::: MATERIAL PROVIDED

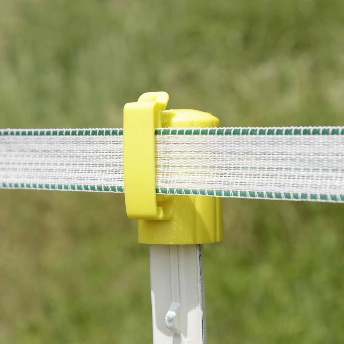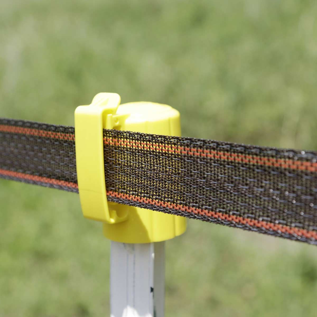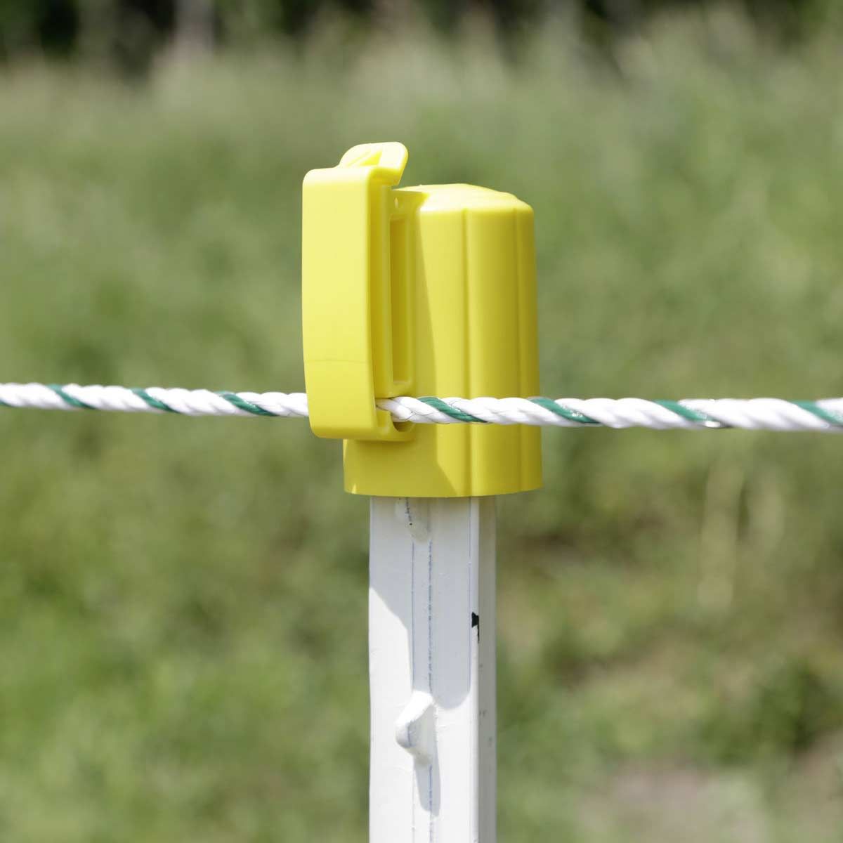A Premium fejszigetelő még biztosabban ül a T-oszlopon a továbbfejlesztett kialakításnak köszönhetően, az oszlopfővel ellátott foglalattal . Ütésálló, UV-stabil műanyagból készült, így tartós és stabil. A T-oszlophoz való rögzítés nagyon egyszerű: helyezze a szigetelőt az oszlop tetejére, vezesse át rajta a vezető anyagot, zárja be a kapcsot - kész! A T-oszlop szigetelő klasszikus fekete vagy a láthatóbb sárga jelzőszínben kapható. A sárga jelzőszín további elrettentő hatástkölcsönöz a fejszigetelőnek.
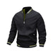• Design Elements: Contrasting red and white stripes on cuffs and collar, sleek zipper closure
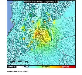 ![]() Áreas afectadas por el terremoto. | ||
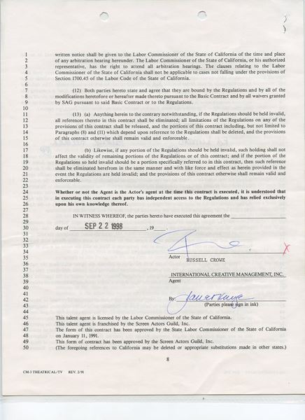 You are bidding on a contract signed by Russell Crowe. This item comes with a Certificate of Authenticity guaranteed for the life of the piece.
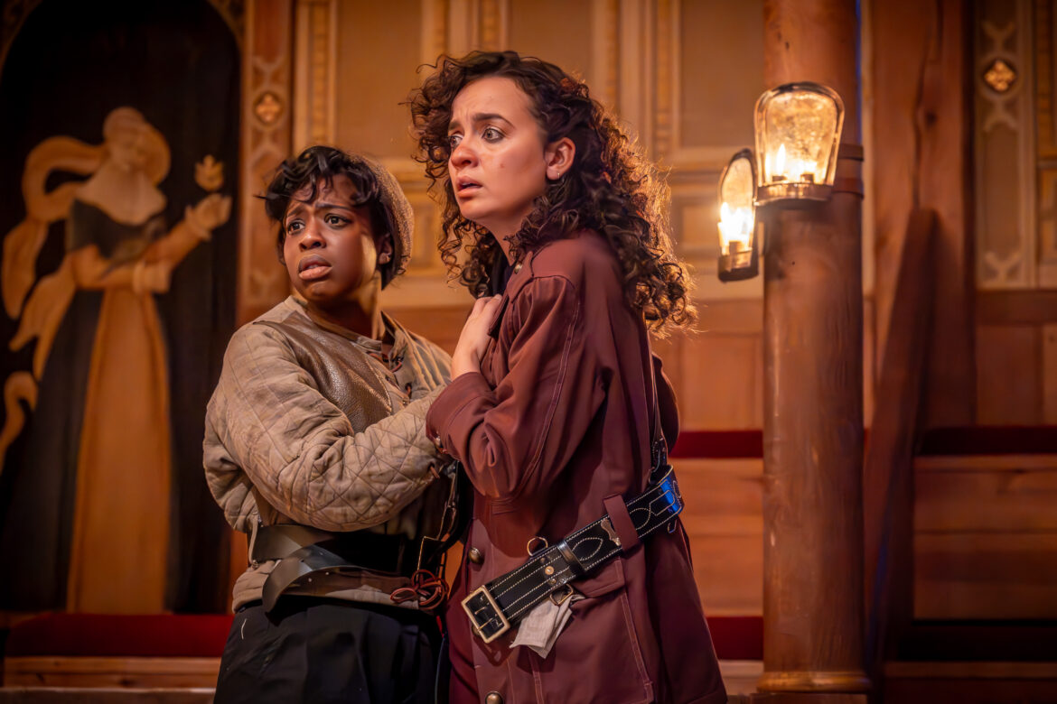 It’s only at this point that Appiah’s main role as Belaria is realised and Innogen’s kidnapped twin siblings Giderius (a warmly truculent Aaron Anthony) and (now) sister Arvariga (Saroja-Lily Ratnavel’s staunch, passed-over sibling, earlier Lady Helen) turn up: replete with a cute family war-cry.
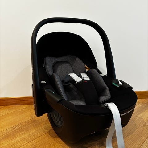 Maxi-Cosi Pebble 360 turvakaukalo ja telakka. Kuvassa näkyy pieni reikä aurikosuojassa. Valmistusajankohta 06/21
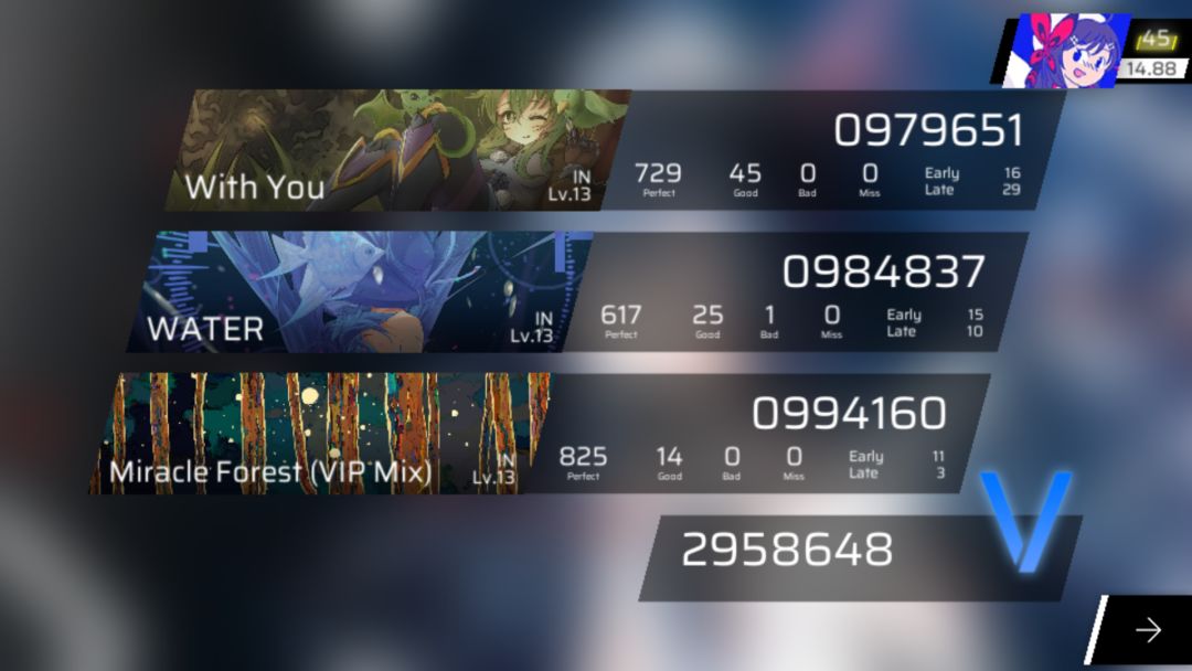 有的人认为总分就能代表你这三首歌的平均水平。这看上去很合理。那接下来我举一个例子:一个rks11的人,选两首1级的歌和一首魔王,两首低级歌每首98万分,魔王68万分,平均每首88万分,按照上面的逻辑这三首歌的平均水平就是88%。这一听就很扯吧。那又有人说,严判成绩决定的是你打这几首歌等级加起来再平均以后的水平,这样总对了吧?还是不全面。还是上面的例子,三首歌加起来十七八级(rks11很难解16级关卡),平均下来6级歌曲每首88%。这貌似更扯。那么什么样的说法才是相对正确的呢?
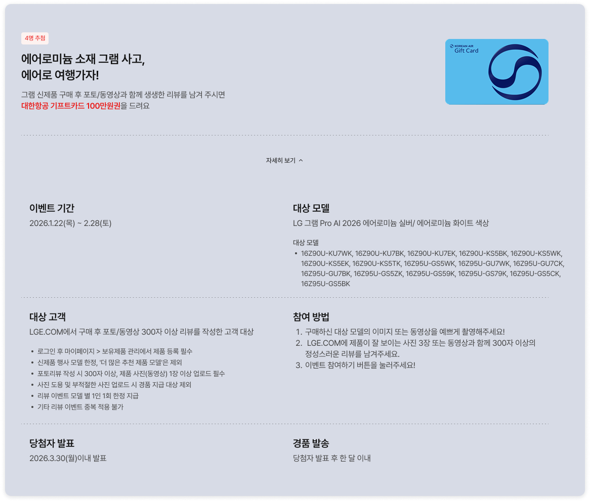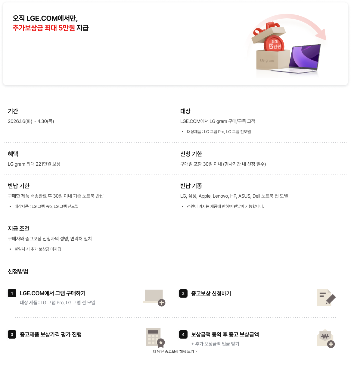 오직 LGE.COM에서만, 추가 보상금 최대 5만원 지급 이벤트
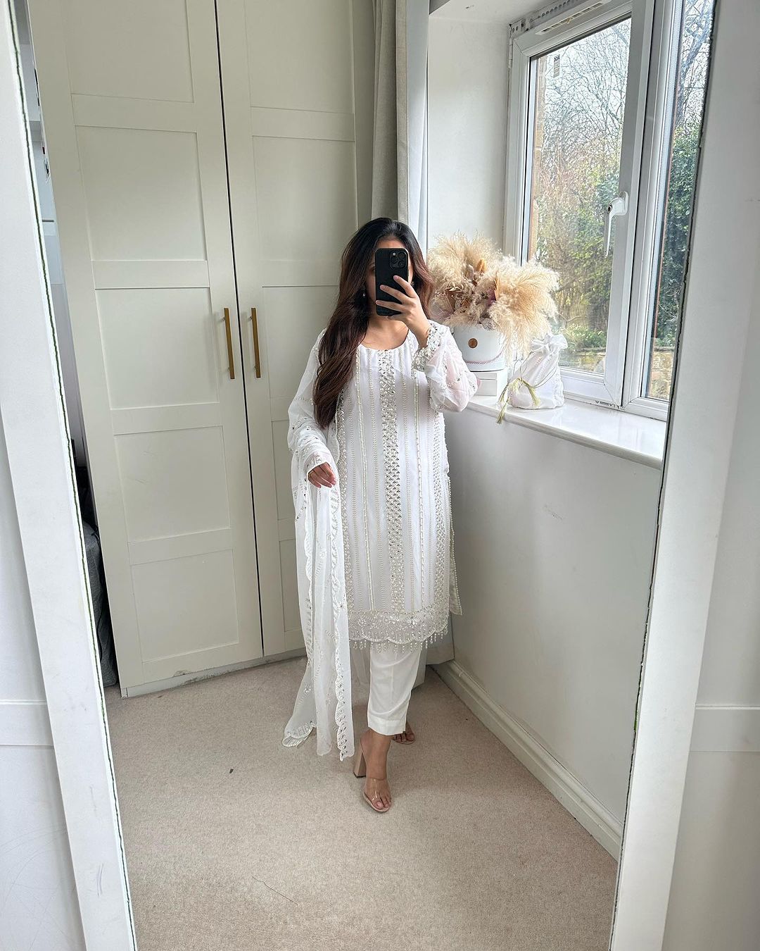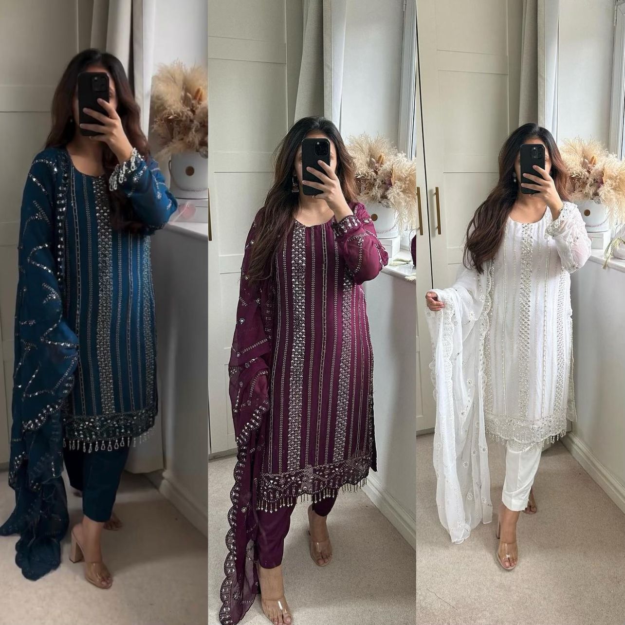 👚 *Long Top Fabric* :- Hevay Faux Georgette Fabric With Heavy Embroidery 5mm Sequence Work *(Fully Sleeve’s)*

::::::

* _WHAT YOU ARE ASKED TO DO_: Write out again, exactly, each line from the one containing "You are bidding" through the last line of the entries, and omit every picture.

* _ANSWER SECTION_:
 You are bidding on a contract signed by Russell Crowe. This item comes with a Certificate of Authenticity guaranteed for the life of the piece.
 It’s only at this point that Appiah’s main role as Belaria is realised and Innogen’s kidnapped twin siblings Giderius (a warmly truculent Aaron Anthony) and (now) sister Arvariga (Saroja-Lily Ratnavel’s staunch, passed-over sibling, earlier Lady Helen) turn up: replete with a cute family war-cry.
 Maxi-Cosi Pebble 360 turvakaukalo ja telakka. Kuvassa näkyy pieni reikä aurikosuojassa. Valmistusajankohta 06/21
 有的人认为总分就能代表你这三首歌的平均水平。这看上去很合理。那接下来我举一个例子:一个rks11的人,选两首1级的歌和一首魔王,两首低级歌每首98万分,魔王68万分,平均每首88万分,按照上面的逻辑这三首歌的平均水平就是88%。这一听就很扯吧。那又有人说,严判成绩决定的是你打这几首歌等级加起来再平均以后的水平,这样总对了吧?还是不全面。还是上面的例子,三首歌加起来十七八级(rks11很难解16级关卡),平均下来6级歌曲每首88%。这貌似更扯。那么什么样的说法才是相对正确的呢?
 오직 LGE.COM에서만, 추가 보상금 최대 5만원 지급 이벤트
 👚 *Long Top Fabric* :- Hevay Faux Georgette Fabric With Heavy Embroidery 5mm Sequence Work *(Fully Sleeve’s)*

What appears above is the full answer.